TASK TO CARRY OUT: The answer must be an exact copy of the entries below, with no images in it.

:: DATA EXCERPTS ::

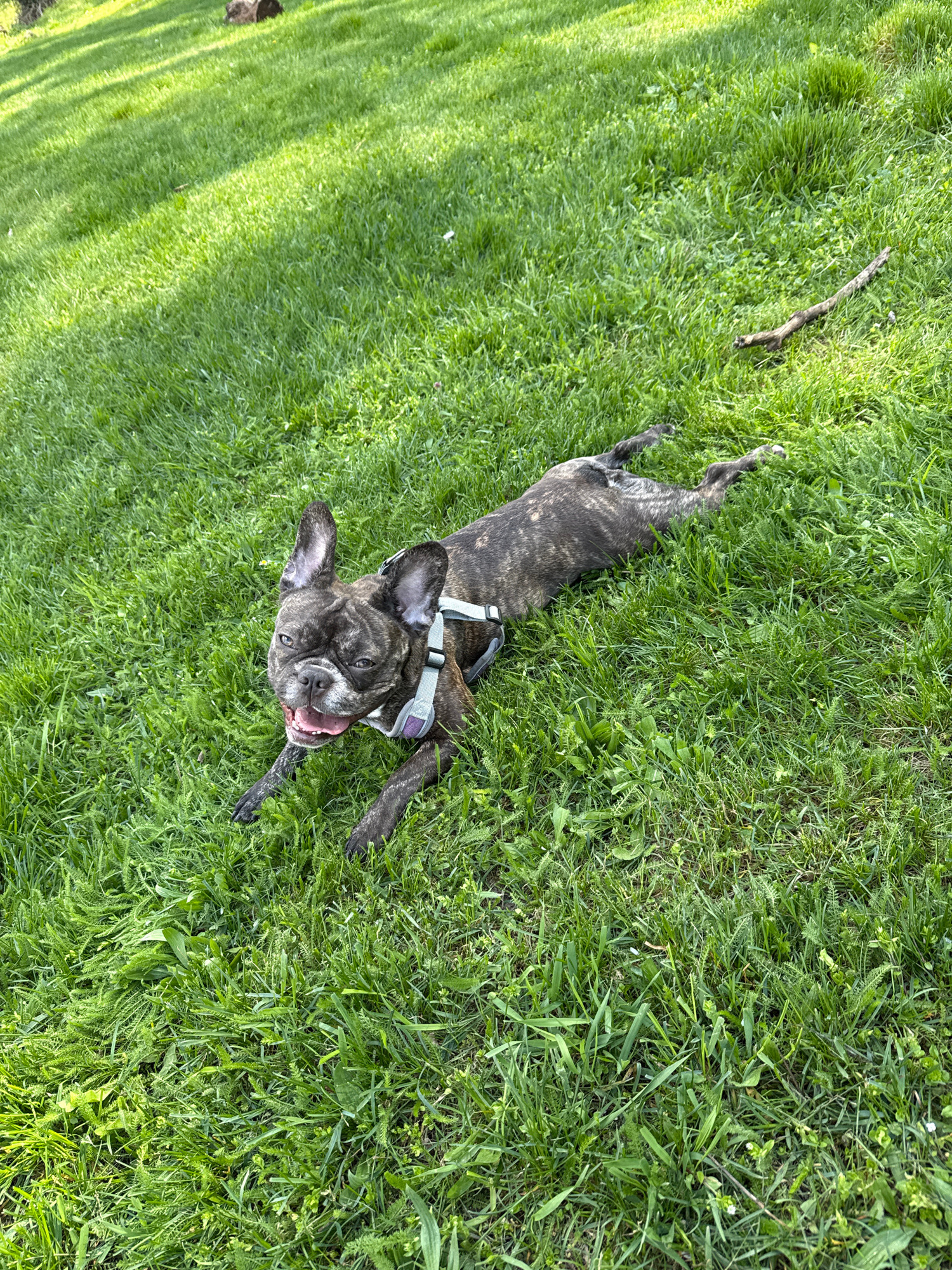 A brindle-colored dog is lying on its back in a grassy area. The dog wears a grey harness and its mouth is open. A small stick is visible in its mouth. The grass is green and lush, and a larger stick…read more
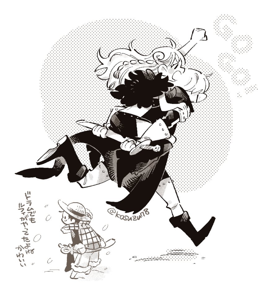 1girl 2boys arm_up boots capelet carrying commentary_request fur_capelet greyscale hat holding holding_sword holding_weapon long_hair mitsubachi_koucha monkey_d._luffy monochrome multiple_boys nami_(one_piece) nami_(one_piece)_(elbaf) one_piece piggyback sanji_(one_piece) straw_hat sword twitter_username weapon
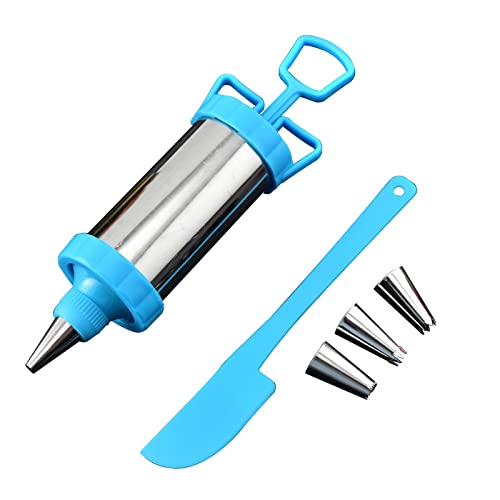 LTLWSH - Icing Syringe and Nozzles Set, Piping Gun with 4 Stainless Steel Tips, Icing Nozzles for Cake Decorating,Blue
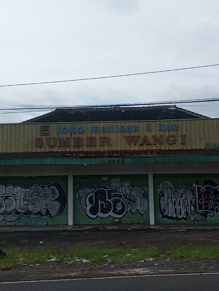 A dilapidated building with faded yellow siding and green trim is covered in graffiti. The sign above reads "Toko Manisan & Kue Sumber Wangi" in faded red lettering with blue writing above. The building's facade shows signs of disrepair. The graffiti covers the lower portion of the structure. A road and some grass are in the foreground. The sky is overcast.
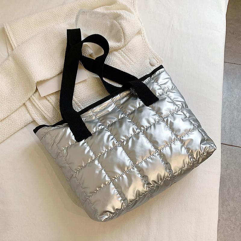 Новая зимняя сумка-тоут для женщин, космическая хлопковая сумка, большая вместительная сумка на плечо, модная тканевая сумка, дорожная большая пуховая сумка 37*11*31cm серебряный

:::

RESPONSE TO THIS EXERCISE:
 A brindle-colored dog is lying on its back in a grassy area. The dog wears a grey harness and its mouth is open. A small stick is visible in its mouth. The grass is green and lush, and a larger stick…read more
 1girl 2boys arm_up boots capelet carrying commentary_request fur_capelet greyscale hat holding holding_sword holding_weapon long_hair mitsubachi_koucha monkey_d._luffy monochrome multiple_boys nami_(one_piece) nami_(one_piece)_(elbaf) one_piece piggyback sanji_(one_piece) straw_hat sword twitter_username weapon
 LTLWSH - Icing Syringe and Nozzles Set, Piping Gun with 4 Stainless Steel Tips, Icing Nozzles for Cake Decorating,Blue
 A dilapidated building with faded yellow siding and green trim is covered in graffiti. The sign above reads "Toko Manisan & Kue Sumber Wangi" in faded red lettering with blue writing above. The building's facade shows signs of disrepair. The graffiti covers the lower portion of the structure. A road and some grass are in the foreground. The sky is overcast.
 Новая зимняя сумка-тоут для женщин, космическая хлопковая сумка, большая вместительная сумка на плечо, модная тканевая сумка, дорожная большая пуховая сумка 37*11*31cm серебряный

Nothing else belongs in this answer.